Identification of amino acid residues of the pheromone-binding domain of the transcription factor TraR that are required for positive control

Abstract

Genes required for replication and for conjugal transfer of the Agrobacterium tumefaciens Ti plasmid are regulated by the quorum sensing transcription factor TraR, whose N-terminal domain binds to the pheromone 3-oxo-octanoylhomoserine lactone (OOHL) and whose C-terminal domain binds to specific DNA sequences called tra boxes. Here, we constructed 117 mutants, altering 103 surface-exposed amino acid residues of the TraR N-terminal domain. Each mutant was tested for activation of the traI promoter, where TraR binds to a site centred 45 nucleotides upstream of the transcription start site, and of the traM promoter, where TraR binds a site centred 66 nucleotides upstream. Alteration of 18 residues blocked activity at the traI promoter. Of these, alteration at three positions impaired TraR abundance or DNA binding, leaving 15 residues that are specifically needed for positive control. Of these 15 residues, nine also blocked or reduced activity at the traM promoter, while six had no effect. Amino acid residues required for activation of both promoters probably contact the C-terminal domain of the RNA polymerase alpha subunit, while residues required only for traI promoter activation may contact another RNA polymerase component.

Figure 1

Saturation mutagenesis of the surface of the NTD of TraR. Residues in white were altered by site-directed mutagenesis.

Figure 2

Western immunoblot data of TraR point mutants in A. tumefaciens strain NTL4 (pCEW260). Strains containing pYC335 or pPZP201served as positive and negative controls, respectively.
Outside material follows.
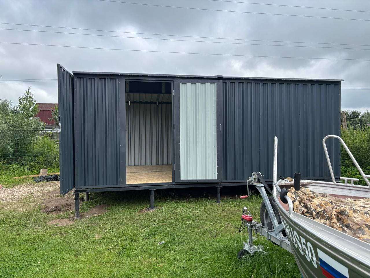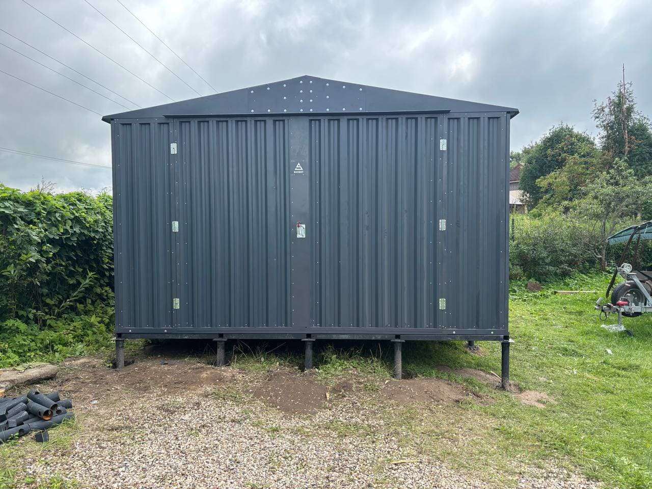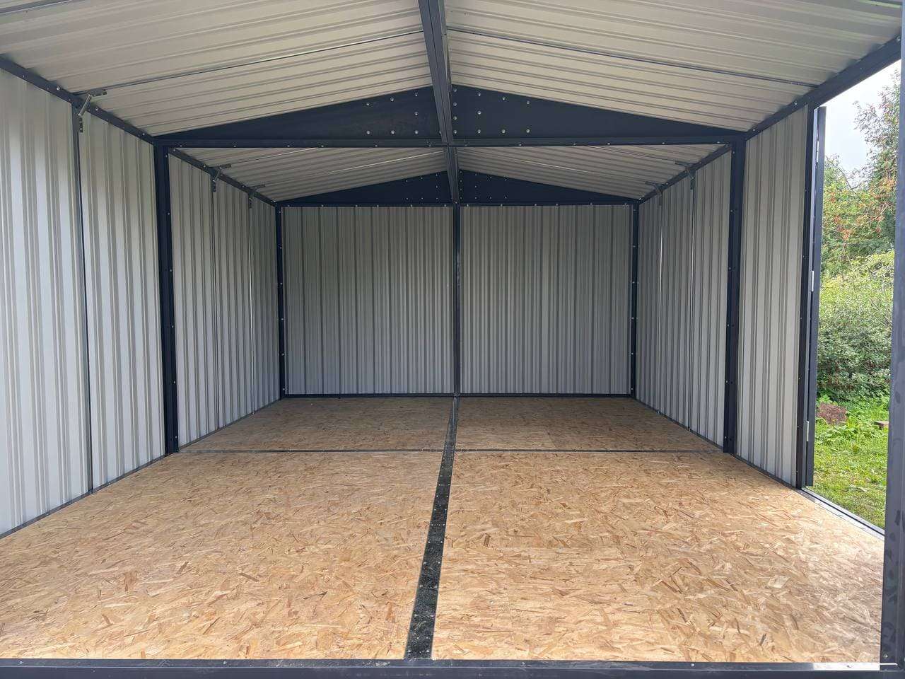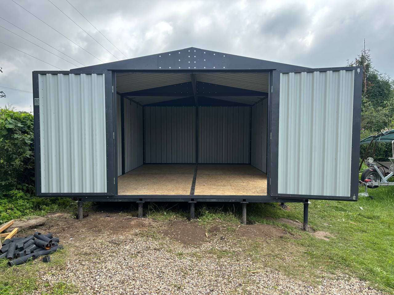 Проект: 6-метровый гараж с увеличенной высотой для хранения лодки в графитовом цвете.

Purified TraR was also used as a positive control for all westerns (left lane). The cross-reacting material (CRM) was used to normalize the intensity of each TraR band.

Figure 3

Electrophoretic mobility shift assays with TraR in crude cell extracts. The amount of full-length, soluble TraR in each extract was normalized using western immunoblots.

Figure 4

Intragenic complementation of mutations of D10, G123, and W184. Successful complementation was taken as an indication that the amino acid residues are contributed by opposite subunits.

Figure 5

Positive control mutants isolated in this study (in the TraR NTD) and in a previous study (TraR-CTD) (White and Winans, 2005). Residues in white affect both PtraI and PtraM, while residues in black affected only PtraI. (A) View of TraR along the DNA axis, showing the concave and convex faces of the crystal structure. (B and C) TraR rotated to show the concave surface and convex surfaces, respectively.

Figure 6

Closeup views of TraR residues required for positive control. Residues in white are needed for both promoters, while residues in black are needed only for PtraI. (A) A patch on the concave surface, composed of residues from both subunits and both domains of each subunit. (B) A patch on the convex surface, composed of residues from the NTDs of both subunits.